Марленка, ты все еще не оставила безумной мысли породниться со мною?* Я не сомневаюсь, что ты будешь прелестной тещей, может быть, почти такой же прелестной, как моя, — почти! Но подумай, как мы немедленно начнем собачиться, когда станем сватьей и сватом — кажется, так это называется?

Голубчик мой, милая, я знаю, что ты мне друг, — и лучший, чем был я тебе в почти аналогичной ситуации. Никогда себе этого не прощу. Утешаю себя лишь тем, что ты знаешь: это была не трусость и не безразличие, а легкомыслие, бездумность*.

Я очень рад тому, что у вас там все тихо и мирно.

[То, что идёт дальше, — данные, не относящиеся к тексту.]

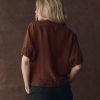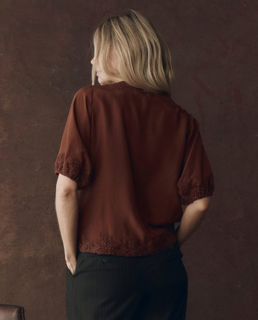 A soft nod to 1920s loungewear, The Short Sleeve Legacy Top features embroidered mesh lace along the V neckline and hem, with shirting buttons and
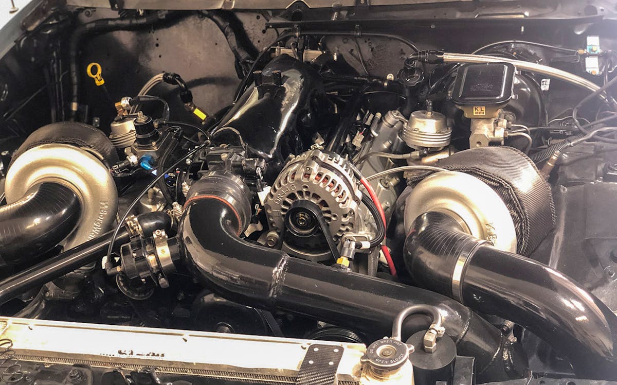 Shields’ Oldsmobile takes a slightly different approach to the engine combination. Everyone knows that junkyard LS engines love boost, and it’s a safe way to add some serious power to the platform. Shields’ started off with a stock-bottom-end 6.0-liter engine with a stage 2 cam, upgraded gaskets, and head bolts. He then added two BorgWarner 366SXE’s with billet wheels. This setup, with an inadequate fuel system and Holley EFI, the Olds makes enough power to crush the dreams of anyone that’s not making north of 900 horsepower.

Вариант же с Харьковом для Саньки кажется мне, к сожалению, нереальным*. «К сожалению» потому, что а вдруг бы сыну так же пофартило бы в Харькове, как его отцу?

Фиме, Жене и Сане [Захаровым] — привет. Сане скажи, что реветь не надо. Ее подружка — молодец*, дай Бог любому — не ее судьбу, конечно (в смысле — не такого мужа и не такого завершения научной деятельности), — а ее мужество и благородство, ее человечность.

Отдельно привет — Лине [Волковой]. И всем напрочь забывшим меня харьковчанам отпускаю грехи и кланяюсь.

Наташка и Майя З. — умницы и почти такие же красавицы, как те две псины, на обороте которых так элегантно накарябаны сообщения о двух котятах Туськи, о гастролях А.Райкина и о Санькином трудолюбии. Целую обеих, и привет ихним детям: Ляльке [Злобиной] и Борьке [Шрагину].

Спасибо тебе, Миха, за письмо о Саньке. Мне трудно судить, действительно ли Санька так похож на меня (Санька, ты похож на меня? Ой, не советую!..); впрочем, ты не один это замечаешь. Хоть и жалко, но — приятно.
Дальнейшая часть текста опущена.